# Possibility I bought a fake Gateway 3DS?



## idx13 (Jan 25, 2015)

So I ordered from

http://www.bestr4i3ds.com/

And according to this site

http://scmods.com/gateway/real_vs_fake_1.jpg

It looks like the one on the left marked Real but it came in a generic 3 in 1 plastic game holder and that's it, no retail box or anything like this:

https://gbatemp.net/attachments/01-jpg.4948/


----------



## xdrako23x (Jan 25, 2015)

Try it and you will know if it a fake or not


----------



## iViperz (Jan 25, 2015)

As above try the GW and check for yourself. If it works then you could deem it legit.

It's probably something along the lines of being second hand if it was provided like that, assuming it's legit.


----------



## The Real Jdbye (Jan 25, 2015)

idx13 said:


> So I ordered from
> 
> http://www.bestr4i3ds.com/
> 
> ...


Maybe they left the box out to save on shipping costs.
Just try it with the latest GW update, the clones won't work with it.


----------



## xdrako23x (Jan 25, 2015)

iViperz said:


> As above try the GW and check for yourself.
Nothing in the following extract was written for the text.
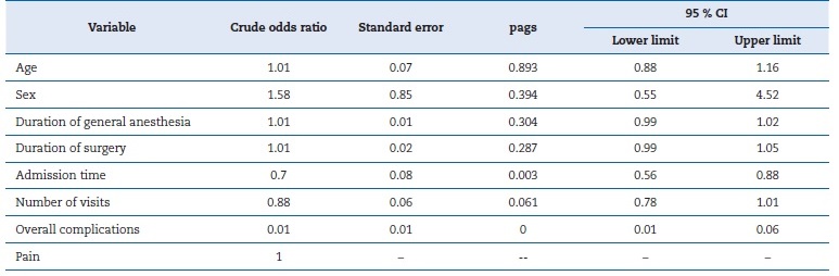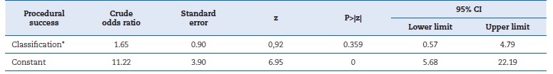 Crude odds ratio: unadjusted odds ratio; pags:; 95% CI: 95% confidence interval. The main outcome variable is success (successful surgery).

If it works then you could deem it legit.
> 
> It's probably something along the lines of being second hand if it was provided like that, assuming it's legit.


 
Or tested before sales


----------



## Random Joe (Jan 25, 2015)

is that site even on the official reseller list ?


----------



## idx13 (Jan 25, 2015)

xdrako23x said:


> Try it and you will know if it a fake or not


 

That's not possible at the moment.


----------



## idx13 (Jan 25, 2015)

Random Joe said:


> is that site even on the official reseller list ?


 

Their reseller list page was down when I went to order, I went off site reviews.


----------



## iViperz (Jan 25, 2015)

idx13 said:


> Their reseller list page was down when I went to order, I went off site reviews.


 
Other users on this forum seem to have had good experiences with them. While your packaging issue is unknown, it's a fairly good bet that what you've received is legit.
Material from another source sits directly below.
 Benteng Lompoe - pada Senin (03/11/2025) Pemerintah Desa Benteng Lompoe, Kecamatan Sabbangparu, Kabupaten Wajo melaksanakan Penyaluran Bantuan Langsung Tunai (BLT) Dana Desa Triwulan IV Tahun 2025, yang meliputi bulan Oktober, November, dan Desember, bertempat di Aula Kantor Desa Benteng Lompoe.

Maybe you could contact bestr4i3ds to ask why you didn't receive the retail packaging.


----------



## idx13 (Jan 25, 2015)

Ok cool

No biggie about retail but was just curious.


----------



## Random Joe (Jan 25, 2015)

try out the card !


----------



## tony_2018 (Jan 25, 2015)

idx13 said:


> That's not possible at the moment.


 

How is it not possible. You ordered the card without having a system to test on? Thats rediculous, how else are you going to test to confirm if the product is working if you have no system to test it on? How will support respond to your issue 1 to 2 months down the line?


----------



## greeeed (Jan 25, 2015)

tony_2018 said:


> How is it not possible. You ordered the card without having a system to test on? Thats rediculous, how else are you going to test to confirm if the product is working if you have no system to test it on? How will support respond to your issue 1 to 2 months down the line?


He only have N3ds?
Not to mention > even fake could work on 4.5 system....


----------



## sparrowreal (Jan 25, 2015)

tony_2018 said:


> How is it not possible. You ordered the card without having a system to test on? Thats rediculous, how else are you going to test to confirm if the product is working if you have no system to test it on? How will support respond to your issue 1 to 2 months down the line?


Maybe he has a new 3ds


----------



## tony_2018 (Jan 25, 2015)

There is no reason to buy now, it doesn't look there there was any shortage during the holidays on majority of the official resellers as most of the customers who bought the GW had also bought a AUS or JAP N3DSLL. Which means no sign of shortage since its already a month after the holidays.


----------



## greeeed (Jan 25, 2015)

tony_2018 said:


> There is no reason to buy now, it doesn't look there there was any shortage during the holidays on majority of the official resellers as most of the customers who bought the GW had also bought a AUS or JAP N3DSLL. Which means no sign of shortage since its already a month after the holidays.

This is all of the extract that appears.